### Task requirements
Without including pictures, set down every record exactly as it stands.

——————————

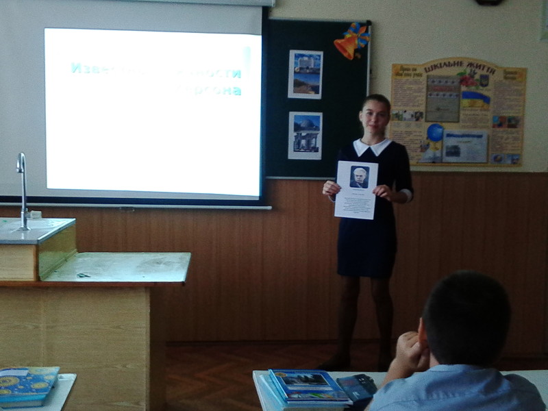 До дня міста учні 7-Б класу підготували проекти  на тему «Видатні постаті Херсонщини». Були згадані відомий актор Сергій Гармаш, режисер Сергій Бондарчук, український маляр-аквареліст Олексій Шовкуненко, дев’ятиразова олімпійська чемпіонка зі спортивної гімнастики Лариса Латиніна та інші відомі люди нашого міста.
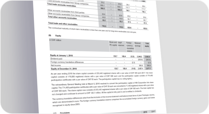 Notes to the Financial Statements Hilti Corporation (8) Trade and other receivables in CHF million 2018 2017 Short-term Long-term Total Short-term Long-term Total Trade accounts receivables from third parties 25.2 – 25.2 28.4 – 28.4 Trade accounts receivables from Group companies 655.1 – 655.1 717.7 – 717.7 Total trade accounts receivables 680.3 – 680.3 746.1 – 746.1 Other accounts receivables from third parties 20.6 – 20.6 26.8 – 26.8 Other accounts receivables from Group companies 44.6 – 44.6 60.7 – 60.7 Total other accounts receivables 65.2 – 65.2 87.5 – 87.5 Total trade and other receivables 745.5 – 745.5 833.6 – 833.6 The contractual maturity of short-term receivables is less than one year and for long-term receivables over one year. Equity (9) in CHF million Share and Legal Foreign Retained Total PC capital reserves currency earnings equity translation reserve Equity at January 1, 2018 126.7 108.4 (12.5) 2,340.2 2,562.8 Dividend paid – – – (263.6) (263.6) Foreign currency translation differences – – (2.3) – (2.3) Net income – – – 380.8 380.8 Equity at December 31, 2018 126.7 108.4 (14.8) 2,457.4 2,677.7 As per year ending 2018 the share capital consists of 253,440 registered shares with a par value of CHF 500 each (2017: the share capital consists of 176,000 registered shares with a par value of CHF 500 each and the participation capital consists of 774,400 participation certificates with a par value of CHF 50 each. The participation capital has no voting rights.). The extraordinary General Meeting held at March 6, 2018 resolved to convert the participation capital of Hilti Corporation into share capital. The 774,400 participation certificates with a par value of CHF 50 each are converted to 77,440 registered shares with a par value of CHF 500 each. The share capital now consists of 253,440 registered shares with a par value of CHF 500 each. The total capital has not changed and continues to amount to CHF 126.7 million. All the capital is fully paid in and is entitled to dividends. The currency translation differences arise from the inclusion of the income statement and balance sheet items of plant Thüringen, Austria, which are denominated in euro. The foreign currency translation reserve comprises the accumulated foreign currency gains and losses recognized in equity since 2003. (10) Provisions in CHF million 2018 2017 Provision for employee benefits 45.1 33.8 Tax obligations 30.5 35.8 Other provisions 10.1 5.3 Total provisions 85.7 74.9 Other provisions relate mainly to product liability. 2018 Financial Report | 87
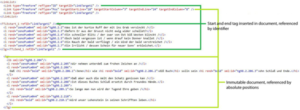 Due to scholars usually having different access privileges to various documents they want to work with, TTLE will offer three ways to select text fragments, depending on the accessibility of the source document. If the source document is writable for the user, corresponding tags to mark start and end of a selection will be inserted into the document. If a document is immutable for all users, a document-offset for start and end of the selection will be calculated, this also allows the selection of any text fragment.
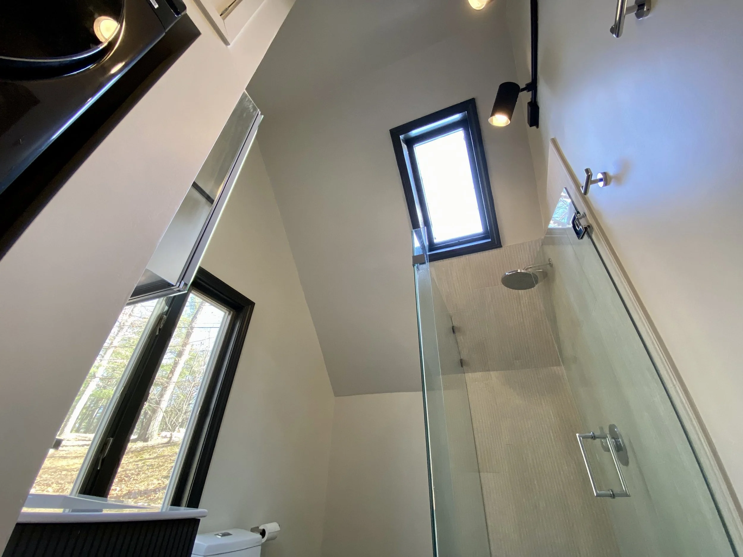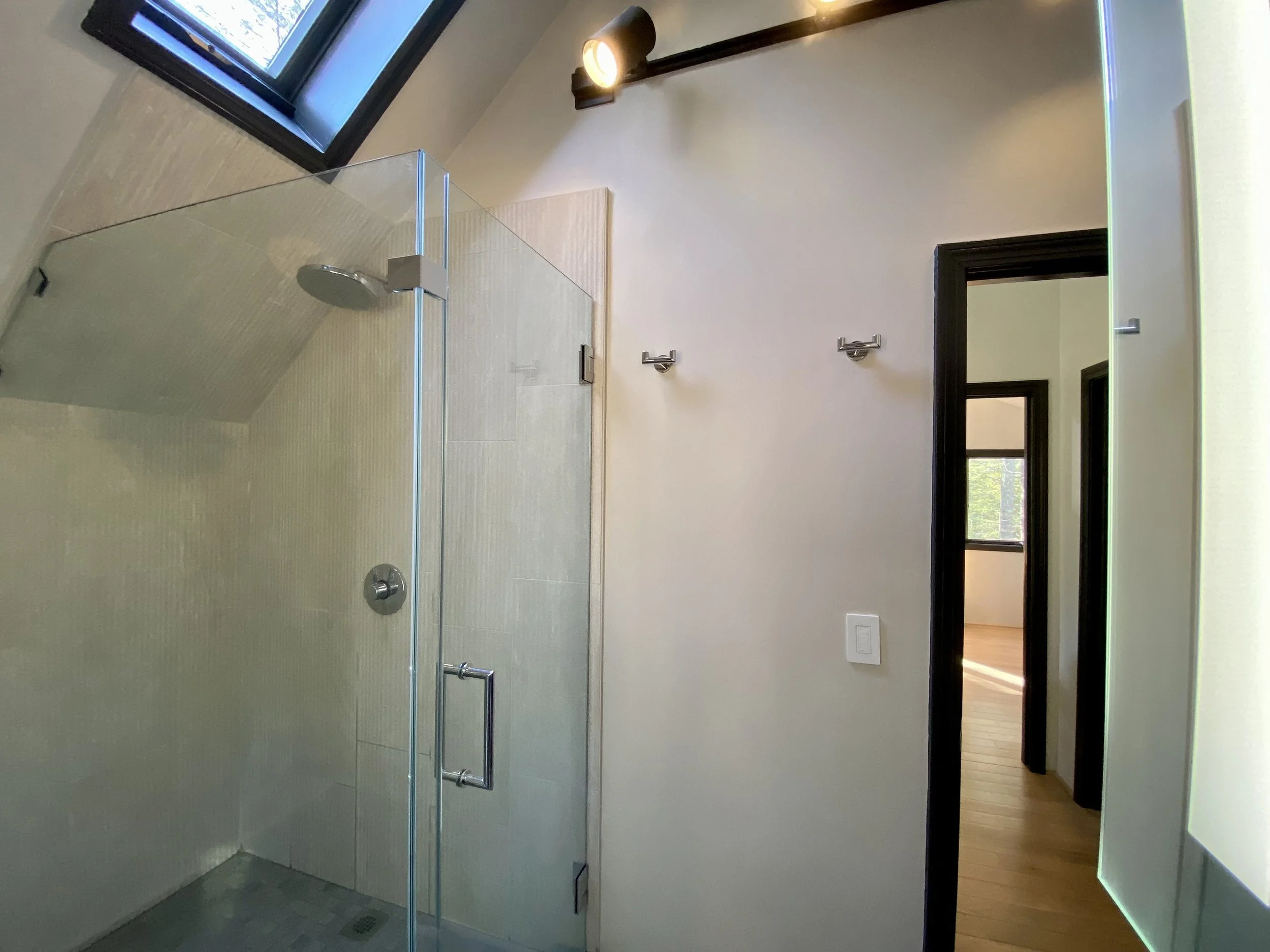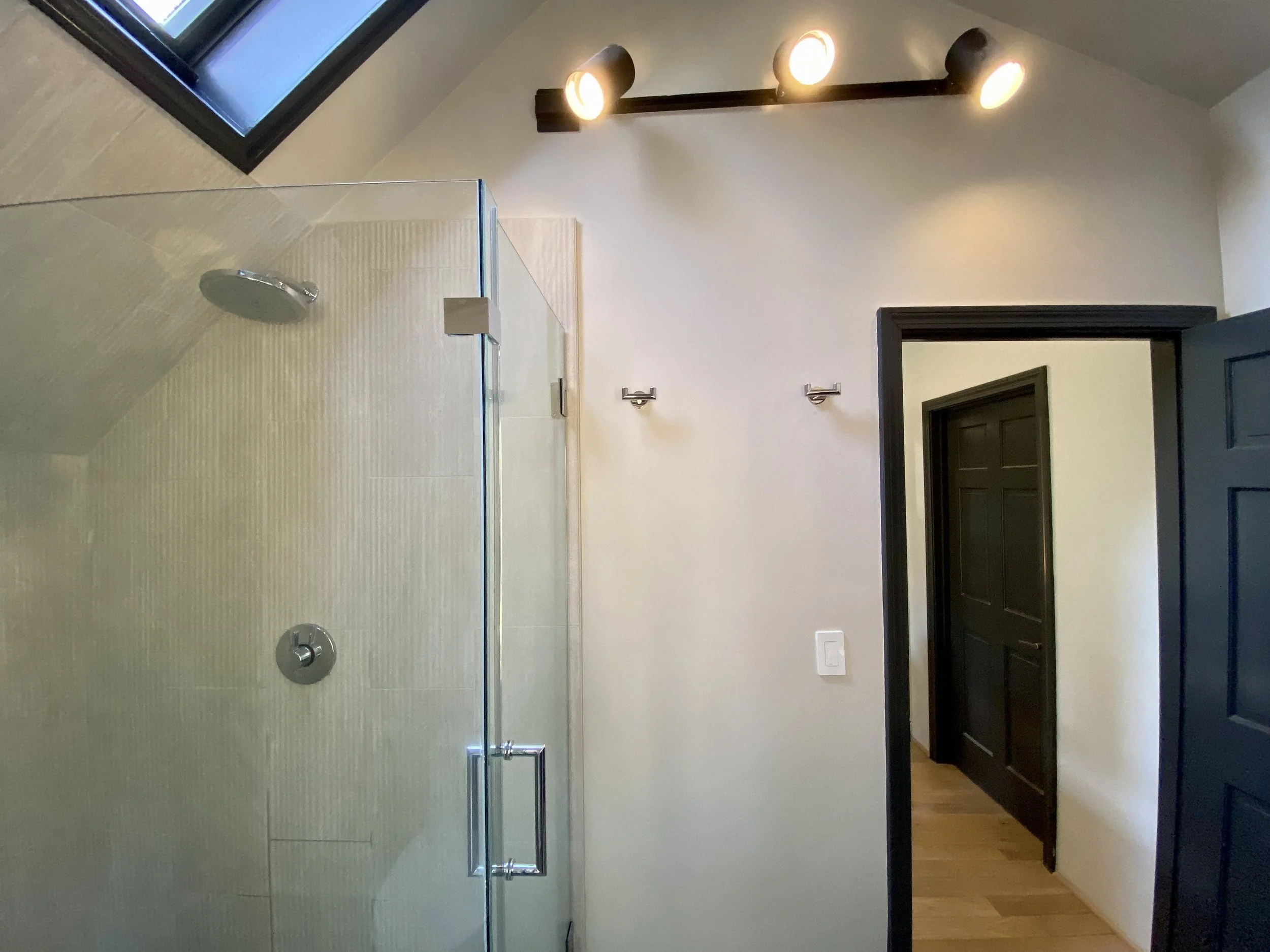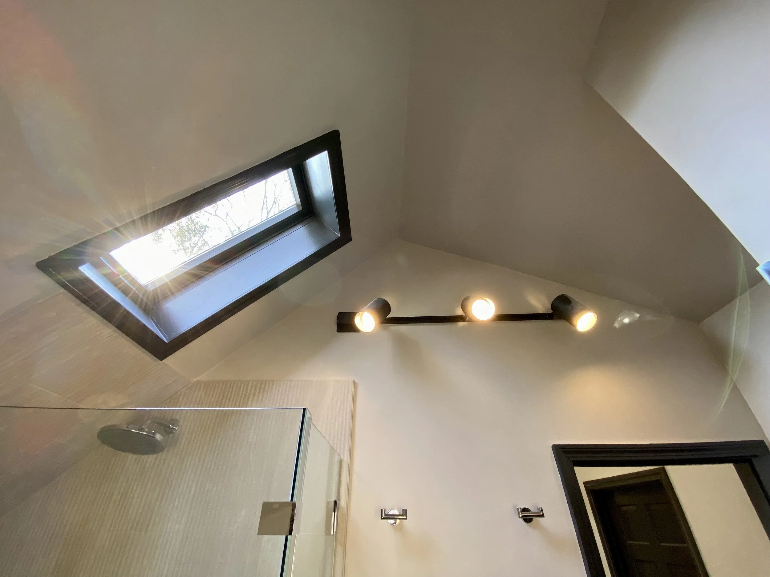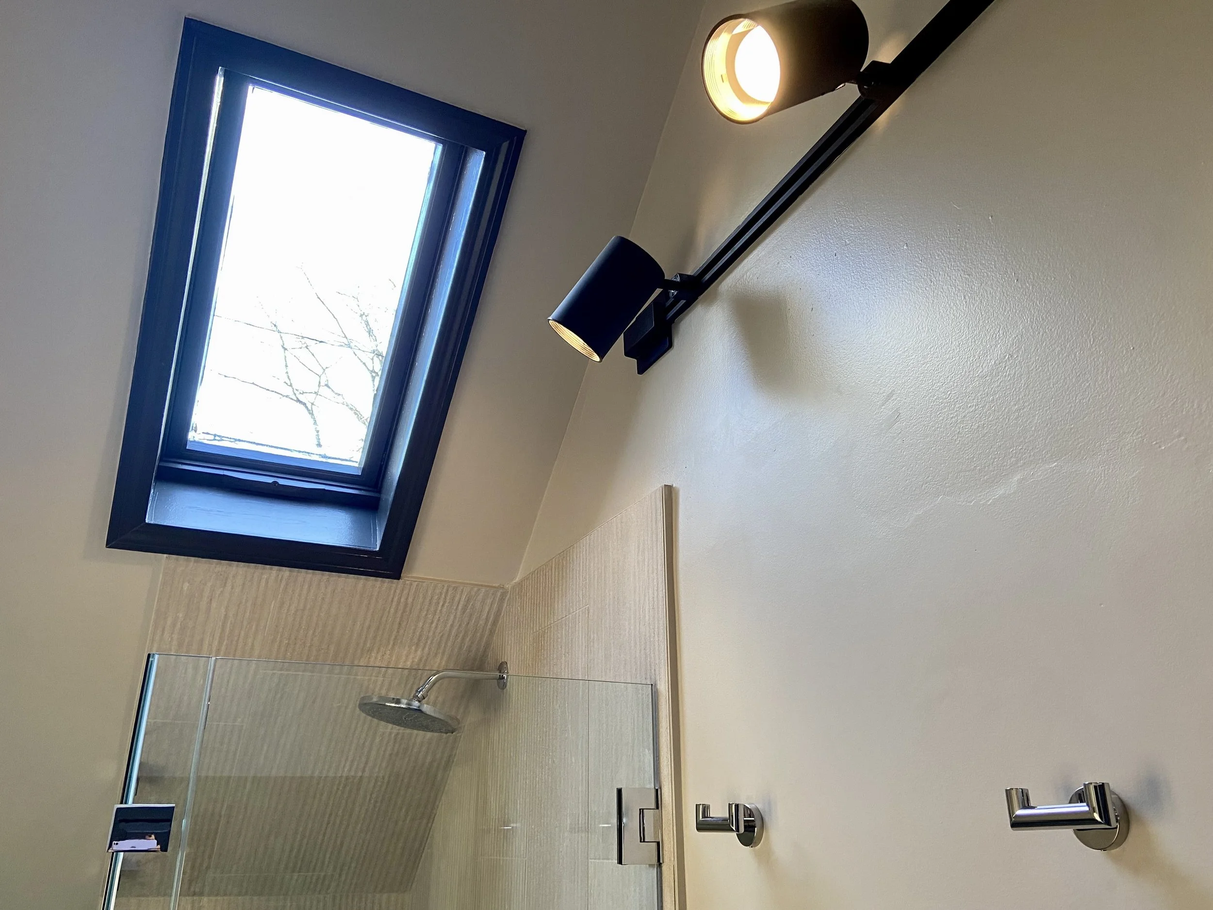 Duş başlığı duvarı. Tavan penceresini çok seviyorum; içeri giren ışığı engelleyen bir duvarın olması mantıklı değil.
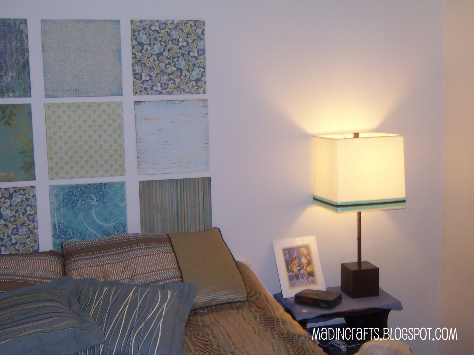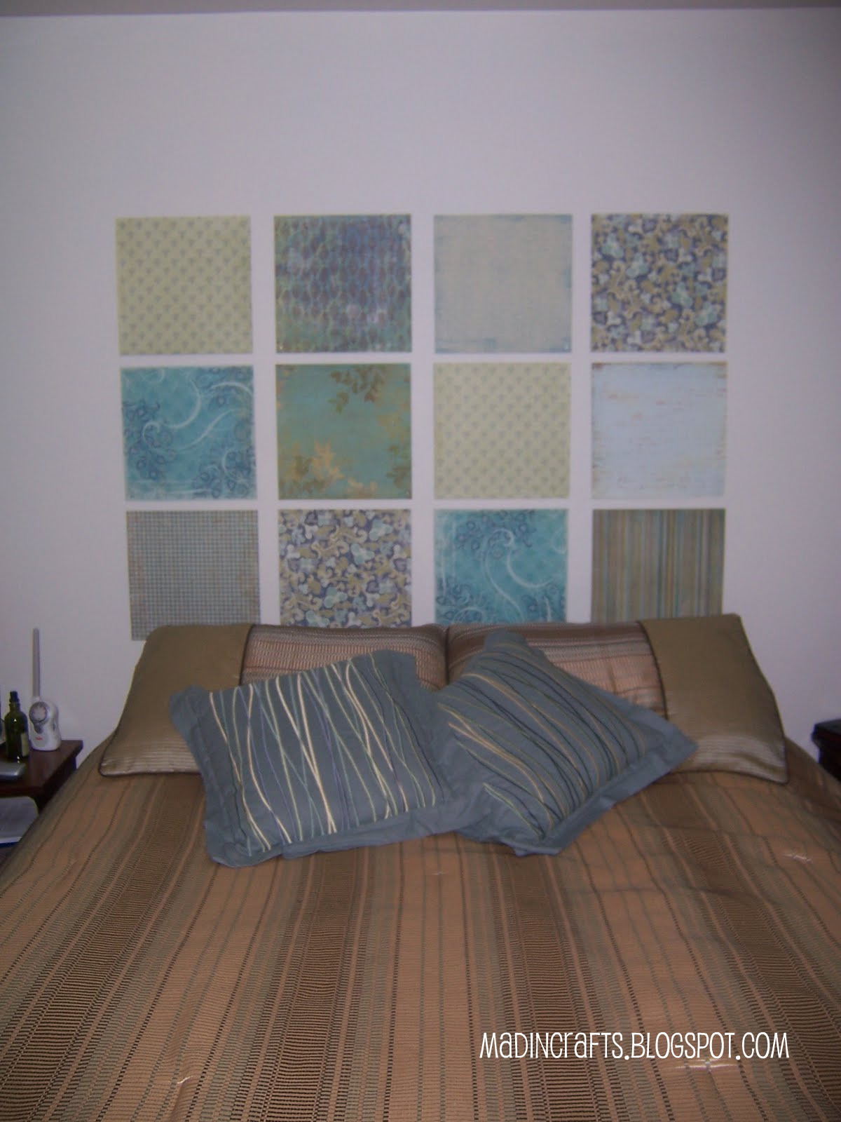 I had bookmarked this idea off of Dollar Store Crafts which originally put the idea into my head to make a headboard for our bed using scrapbook paper. I am a big lover of squares and straight lines, so I loved the look of that paper installation!
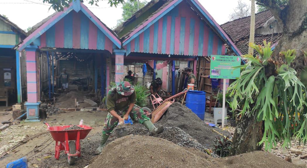 BOJONEGORO – Bersinergi membangun Negeri melalui Program TNI Manunggal Membangun Desa (TMMD) ke-110 di Bojonegoro terus berjalan dengan berbagai kegiatan pembangunan sarana prasarana fisik dan non-fisik. Seperti pemasangan dinding Rumah Tidak Layak Huni (RTLH) di Desa Ngrancang, Kecamatan Tambakrejo, Bojonegoro.
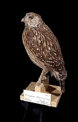 The laughing owl (Ninox albifacies), also known as whēkau, the laughing jackass,[4] or the white-faced owl, is an extinct species of owl that was endemic to New Zealand. Plentiful when European settlers arrived in New Zealand, its scientific description was published in 1845, but it was largely or completely extinct by 1914. The species was traditionally considered to belong to the monotypic genus Sceloglaux Kaup, 1848 ("scoundrel owl", probably because of the mischievous-sounding calls), although recent genetic studies indicate that it belongs with the boobook owls in the genus Ninox.

——————————

### Task response
 До дня міста учні 7-Б класу підготували проекти  на тему «Видатні постаті Херсонщини». Були згадані відомий актор Сергій Гармаш, режисер Сергій Бондарчук, український маляр-аквареліст Олексій Шовкуненко, дев’ятиразова олімпійська чемпіонка зі спортивної гімнастики Лариса Латиніна та інші відомі люди нашого міста.
 Notes to the Financial Statements Hilti Corporation (8) Trade and other receivables in CHF million 2018 2017 Short-term Long-term Total Short-term Long-term Total Trade accounts receivables from third parties 25.2 – 25.2 28.4 – 28.4 Trade accounts receivables from Group companies 655.1 – 655.1 717.7 – 717.7 Total trade accounts receivables 680.3 – 680.3 746.1 – 746.1 Other accounts receivables from third parties 20.6 – 20.6 26.8 – 26.8 Other accounts receivables from Group companies 44.6 – 44.6 60.7 – 60.7 Total other accounts receivables 65.2 – 65.2 87.5 – 87.5 Total trade and other receivables 745.5 – 745.5 833.6 – 833.6 The contractual maturity of short-term receivables is less than one year and for long-term receivables over one year. Equity (9) in CHF million Share and Legal Foreign Retained Total PC capital reserves currency earnings equity translation reserve Equity at January 1, 2018 126.7 108.4 (12.5) 2,340.2 2,562.8 Dividend paid – – – (263.6) (263.6) Foreign currency translation differences – – (2.3) – (2.3) Net income – – – 380.8 380.8 Equity at December 31, 2018 126.7 108.4 (14.8) 2,457.4 2,677.7 As per year ending 2018 the share capital consists of 253,440 registered shares with a par value of CHF 500 each (2017: the share capital consists of 176,000 registered shares with a par value of CHF 500 each and the participation capital consists of 774,400 participation certificates with a par value of CHF 50 each. The participation capital has no voting rights.). The extraordinary General Meeting held at March 6, 2018 resolved to convert the participation capital of Hilti Corporation into share capital. The 774,400 participation certificates with a par value of CHF 50 each are converted to 77,440 registered shares with a par value of CHF 500 each. The share capital now consists of 253,440 registered shares with a par value of CHF 500 each. The total capital has not changed and continues to amount to CHF 126.7 million. All the capital is fully paid in and is entitled to dividends. The currency translation differences arise from the inclusion of the income statement and balance sheet items of plant Thüringen, Austria, which are denominated in euro. The foreign currency translation reserve comprises the accumulated foreign currency gains and losses recognized in equity since 2003. (10) Provisions in CHF million 2018 2017 Provision for employee benefits 45.1 33.8 Tax obligations 30.5 35.8 Other provisions 10.1 5.3 Total provisions 85.7 74.9 Other provisions relate mainly to product liability. 2018 Financial Report | 87
 Due to scholars usually having different access privileges to various documents they want to work with, TTLE will offer three ways to select text fragments, depending on the accessibility of the source document. If the source document is writable for the user, corresponding tags to mark start and end of a selection will be inserted into the document. If a document is immutable for all users, a document-offset for start and end of the selection will be calculated, this also allows the selection of any text fragment.
 Duş başlığı duvarı. Tavan penceresini çok seviyorum; içeri giren ışığı engelleyen bir duvarın olması mantıklı değil.
 I had bookmarked this idea off of Dollar Store Crafts which originally put the idea into my head to make a headboard for our bed using scrapbook paper. I am a big lover of squares and straight lines, so I loved the look of that paper installation!
 BOJONEGORO – Bersinergi membangun Negeri melalui Program TNI Manunggal Membangun Desa (TMMD) ke-110 di Bojonegoro terus berjalan dengan berbagai kegiatan pembangunan sarana prasarana fisik dan non-fisik. Seperti pemasangan dinding Rumah Tidak Layak Huni (RTLH) di Desa Ngrancang, Kecamatan Tambakrejo, Bojonegoro.
 The laughing owl (Ninox albifacies), also known as whēkau, the laughing jackass,[4] or the white-faced owl, is an extinct species of owl that was endemic to New Zealand. Plentiful when European settlers arrived in New Zealand, its scientific description was published in 1845, but it was largely or completely extinct by 1914. The species was traditionally considered to belong to the monotypic genus Sceloglaux Kaup, 1848 ("scoundrel owl", probably because of the mischievous-sounding calls), although recent genetic studies indicate that it belongs with the boobook owls in the genus Ninox.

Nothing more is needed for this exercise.